** Opening Material provided block **
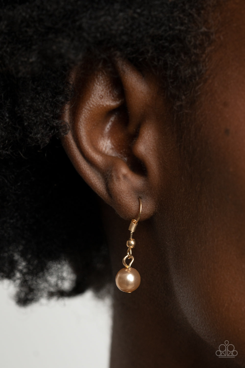 A royal collection of golden brown pearls and glassy crystal-like beads swing from the bottom of a dainty gold chain, creating a glamorously clustered fringe below the collar. Features an adjustable clasp closure.
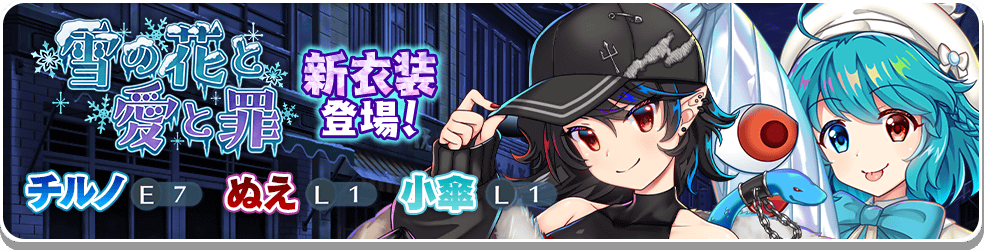 ショップにて 「チルノ(E7)」「多々良小傘(L1)」「封獣ぬえ(L1)」の新衣装 が登場!
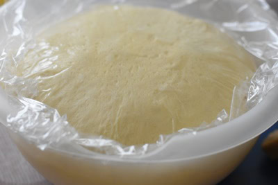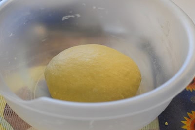 - Former une boule et couvrir la pâte de film plastique ainsi que de torchon. Laisser doubler de volume dans un endroit à l'abri du courant.
** Closing Material provided block **
**About this exercise:** Where the line containing "ショップにて 「チルノ(E7)」「多々良小傘(L1)」「封獣ぬえ(L1)」の新衣装 が登場!" appears above, start there and set down each line exactly through the last line of the data; leave out every picture.

**Expected answer:**
 ショップにて 「チルノ(E7)」「多々良小傘(L1)」「封獣ぬえ(L1)」の新衣装 が登場!
 - Former une boule et couvrir la pâte de film plastique ainsi que de torchon. Laisser doubler de volume dans un endroit à l'abri du courant.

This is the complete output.